Renal function testing
Renal dysfunction is present in about 20% of patients.
In the presence of renal failure, blood urea and creatinine levels increase and creatinine clearance decreases.
Instrumental research methods
Ultrasound procedure
This study helps to confirm the diagnosis, revealing signs of a heterogeneous picture of intense hepatic echogenicity, portal hypertension, splenomegaly. It is a first-line method used in the diagnostic process due to its ability to detect renal and hepatic abnormalities in the absence of radiation.
An ultrasound examination should include a Doppler study to assess the patency of the vasculature of the portal system.
Nephromegaly and increased echogenicity with polycystic changes further confirm the presence of HFT.
CT scan
Used to further evaluate liver and kidney damage in HFT.
Computed tomography can show abnormal shape and size of the liver. It may also show thickening of the periportal tracts, varicose veins, and splenomegaly. In patients with renal insufficiency, no contrast medium is administered, thereby limiting the study.
Magnetic resonance imaging
MRI detects portal hypertension and periportal fibrosis and may aid in the preoperative planning of affected children with cholangitis PAP.

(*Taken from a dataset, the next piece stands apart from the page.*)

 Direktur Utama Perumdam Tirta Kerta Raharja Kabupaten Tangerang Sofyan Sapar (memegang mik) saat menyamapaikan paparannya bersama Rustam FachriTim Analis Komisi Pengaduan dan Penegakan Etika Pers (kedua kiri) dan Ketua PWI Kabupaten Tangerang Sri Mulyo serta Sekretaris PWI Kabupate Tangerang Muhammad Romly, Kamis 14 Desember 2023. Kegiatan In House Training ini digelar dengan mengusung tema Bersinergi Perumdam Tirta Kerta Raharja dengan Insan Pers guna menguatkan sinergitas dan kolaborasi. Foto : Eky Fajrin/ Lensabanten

An ultrasound, MRI, or CT scan will not show the presence of scar tissue in the liver, but they may show other problems.
Upper GI endoscopy
This study is often required for the overall assessment of patients with HAP, especially in the presence of anemia and / or a history of hematemesis or melena. Endoscopy is useful for confirming or excluding the presence of varicose veins, erosion, or ulceration.
Liver biopsy
Traditionally, doctors consider liver biopsy to be the gold standard for testing for liver fibrosis. This is a surgical procedure where a doctor takes a sample of organ tissue. It will then be examined for scarring.
Treatment
Treatment includes prevention of gastrointestinal bleeding and acute cholangitis. Endoscopic sclerotherapy of the esophageal veins is performed with rare minor bleeding.

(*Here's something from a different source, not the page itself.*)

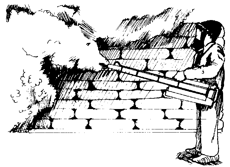 Vaporización o producción de niebla ("nebulización"). Este es el proceso por el cual se obtiene la producción de gotas pequeñísimas con el uso del calor; en este caso se alcanzan gotas de un diámetro menor a 50 micras. El insecticida pulverizado debe ser lo bastante volátil para que, al mezclarse con el aceite diesel, produzca una humareda con pequeñas partículas que permanecen en suspensión en el aire por algún tiempo. Este método combate los insectos que vuelan, como las polillas y las moscas. Sin embargo, también mata otros insectos directamente alcanzados por el insecticida en paredes y otras superficies (figura 20). Para esta operación se utilizan termovaporizadores o nebulizadores, que convierten el insecticida mezclado con diesel en una densa niebla que llega a todas partes del almacén (cuadro 4).

Venous bypass grafting is recommended when portal hypertension is severe. Portal and inferior vena cava, splenic and renal veins are more often connected. These surgical interventions are performed if there have been episodes of heavy bleeding in order to prevent relapse.

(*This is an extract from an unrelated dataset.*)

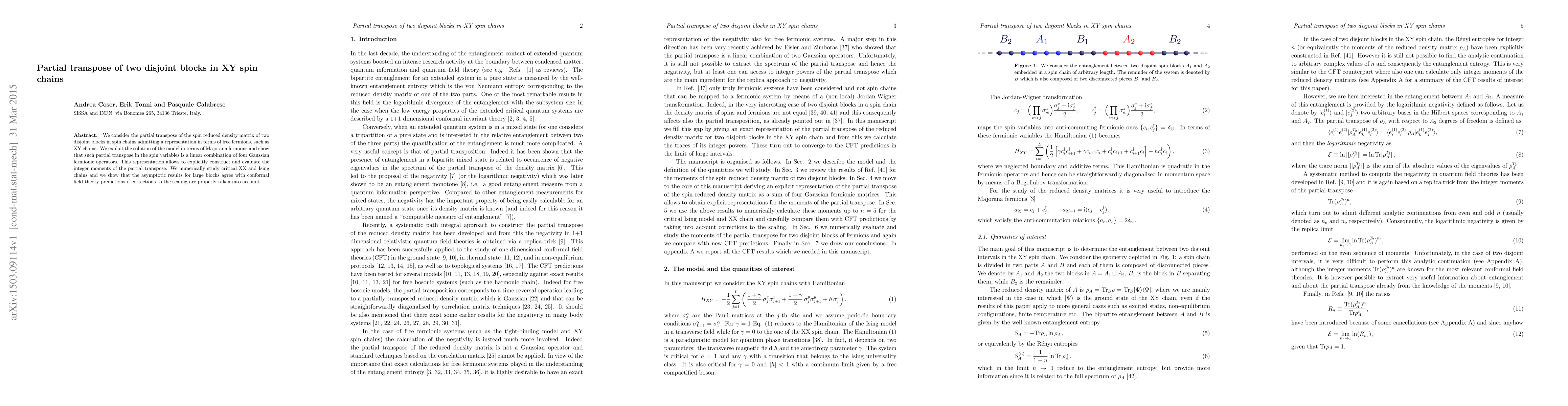 This paper investigates the partial transpose of the spin reduced density matrix for two disjoint blocks in XY spin chains, represented by Majorana fermions. The study reveals that the partial transpose is a linear combination of Gaussian fermionic operators, enabling the evaluation of integer moments and confirming conformal field theory predictions for critical XX and Ising chains.

Measures for the prevention of exacerbation of cholangitis in case of HFD consist in full-fledged regular nutrition, early diagnosis, and treatment of any gastrointestinal diseases.
If large stones have formed in the biliary tract, they are removed surgically.
No specific drug therapy is available for congenital liver fibrosis. The child's condition is usually stable if the liver enzyme levels are within the control range.
Drug therapy usually focuses on treating complications such as recurrent cholangitis, sepsis, or renal failure.
Conclusion
The prognosis of WFT is determined by the form of the disease and the treatment performed. Portal hypertension can be latent or with minimal symptoms for a long period of time. If venous bypass grafting is performed early, the outcome will be favorable. HFT with cholangitis has a less positive prognosis. Often, affected children develop infectious diseases of the biliary tract, which tend to relapse and are difficult to treat.